Me duele mucho darme cuenta que seguía, porque no me quedaba de otra, pero seguía añorando la vida que ya no tenía. Añoraba la salud de Alexis que ya no estaba, extrañaba al niño perfecto que había dejado atrás y me quedé con mi Alexis pero a punto de entrar a un camino desconocido, me quedé con pavor de ver a mi niño sufrir, a mi niño darse cuenta que ya no tenía pelo y que por un tumor en la columna dejó de caminar. Miedo a perderlo, a perderme, a no poder seguir, a no querer seguir y a no tener las fuerzas para hacerlo. Mi niño sano, mi amor por la vida y mi identidad murieron ese día.


Y luego pasa el tiempo y mi miedo sigue creciendo y yo no me encuentro.
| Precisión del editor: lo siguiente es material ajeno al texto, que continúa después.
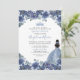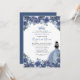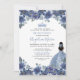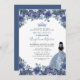 Elegante Invitación De Quinceanera Azul Floral. Rosas y flores de color azul polvoriento y azul marino adorables, mezcladas con hojas y follaje verde claro, constituyen el escenario de esta temática fiesta de Quinceañera. Un aspecto sencillo pero caprichoso con una variedad de tonos azules. Una mezcla de tipos de letra serif clásicos y una hermosa tipografía de guiones hacen que esto sea elegante y divertido. Una princesa azul brillante tiara chispa arriba y atrás, así como un adorable chica con un vestido azul brillante delante. Puede cambiar todos los colores del tipo de letra para hacerlo más colorido o vibrante si lo desea. También puede cambiar el fondo y la parte posterior del color de la invitación a lo que desee. Disponible en forma de invitación impresa, o como una invitación digital descargable que puede enviar por correo electrónico o que ha impreso localmente.
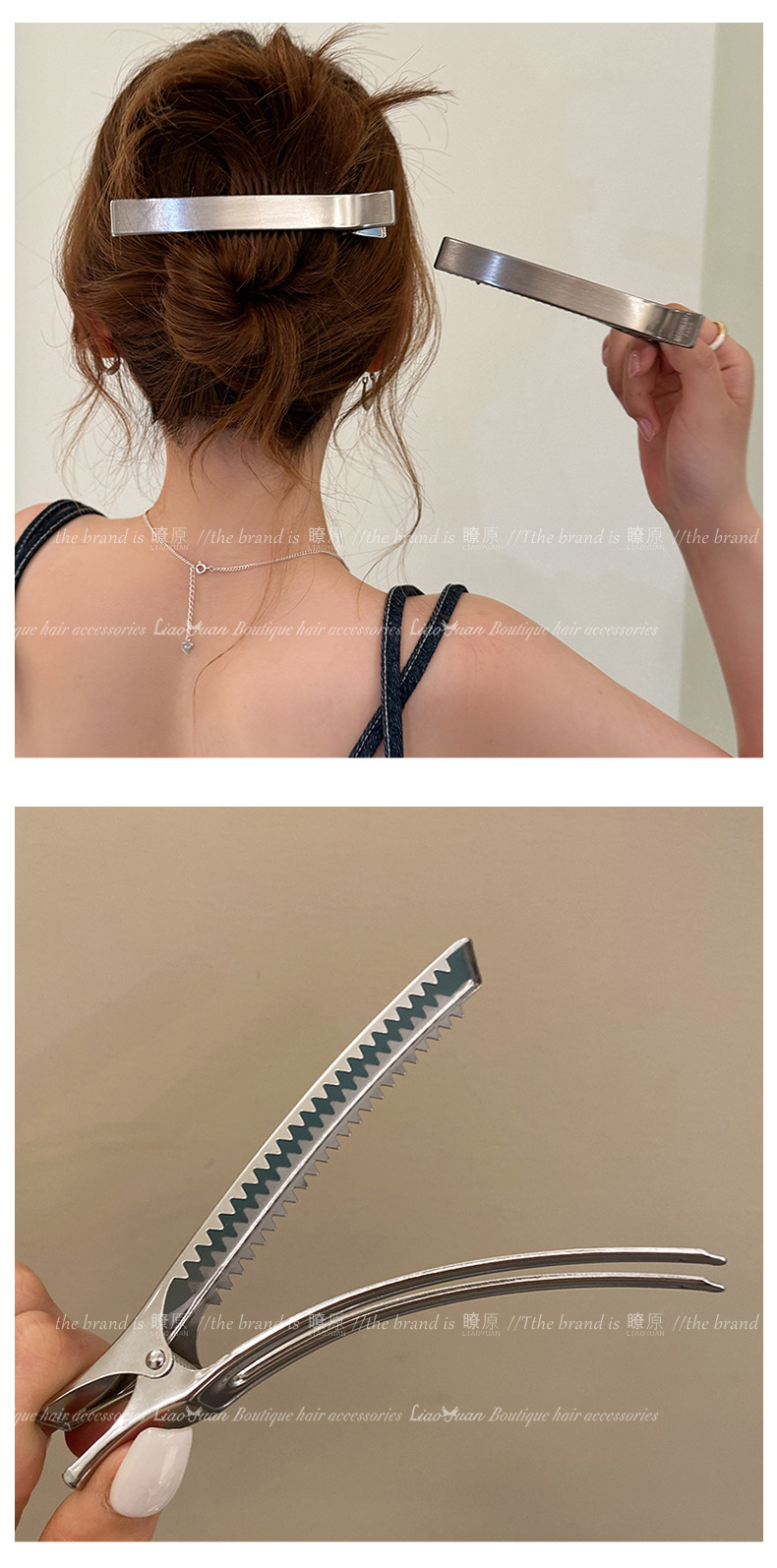 한국 스타일 간단한 금속 덕빌 클립 여성의 2024 새로운 하이 엔드 센스 한 단어 그랩 클립 뒤로 머리 머리 클립 헤어 클립 머리옷스토어 가기

No encuentro a la mujer feliz que era antes, y aunque con tantos momentos de tristeza y miedo, también encontré inmensa felicidad, encontré a la mujer agradecida que todos los días daba gracias de poder tener otro día más junto a sus hijos, la mujer que podía ver a los ojos a cualquier persona y veía amor y gratitud, la mujer que le perdió el miedo a las agujas y a la sangre y casi casi hizo una carrera en medicina ya que llegué a saber que darle a Alexis para todos los síntomas posibles y encontré a la mujer que aunque apanicada, se ponía la ropa, hacía su maleta lo más rápido que podía y salía a luchar, a defender a su niño contra la vida con cáncer, porque que vida es esa, si no luchas te gana y aquí es donde entra la segunda muerte, ya que luchamos y luchamos y nos ganó!


¿Porqué cuando vives una enfermedad así no es suficiente con una muerte? No, tienes que sufrir al extremo y es una enfermedad tan despiadada que te lleva a vivir el miedo y el sufrimiento no de una muerte si no de dos. Vivir dos muertes de una persona ¿no es eso demasiado? ¿porqué tanto sufrimiento? Pero la primer muerte que vives es realmente la muerte de tu identidad, de tus sueños y de tu futuro. Y cuando llega la muerte física, la muerte a la que le huyes, de la que más miedo tienes es cuando esa identidad que había ya muerto se ahoga en la tristeza, en la rabia, en la desesperación pero desaparece el miedo. Y sin miedo, lo único que sientes es amor, y al solo sentir amor sientes agradecimiento, agradeces el haber podido tener a Alexis a tu lado y te das cuenta que además de haber sido tu hijo, fue tu maestro. Y de la tristeza que sientes, de repente sientes luz, calidez, y más y más amor. Y luego con ese amor, sientes una pequeña luz de esperanza, esperanza de que quizá, en las tinieblas, se esconde tu nueva identidad, tu nuevo yo, más fuerte, más sabio, más resilente, más valiente y con más amor y pues es una nueva identidad que no quieres dejar atrás, es una identidad tan robusta que te llama y te acobija y te explica que lo que viviste era necesario para encontrarla, para que apareciera, que ya no quería estar escondida en la oscuridad, pero le preguntas: “¿porqué no saliste cuando tenía Alexis junto a mí? ¿sano?” y te contesta “porque él fue el que me enseño el camino de la luz, el camino por donde pude aparecer y salir. Seguí a Alexis hacia tu corazón y te encontré. Y Alexis me dijo, te dejo aquí, cuida a mi Mami, y ayúdala a no tener miedo y dile que recordando quien es, estará siempre recordando que fui yo quien te encontré. Amala sobre todas las cosas y explícale que la muerte es la transmutación del espíritu y que yo no he muerto sino que me conecté con Dios y con el Universo y que me volví el amor que ella siente y sentirá. Soy ese Amor que a través de ti siente en su corazón y que estando contigo siempre sentirá. Siempre estaré con ella y ella conmigo. Anda, ve y dile!”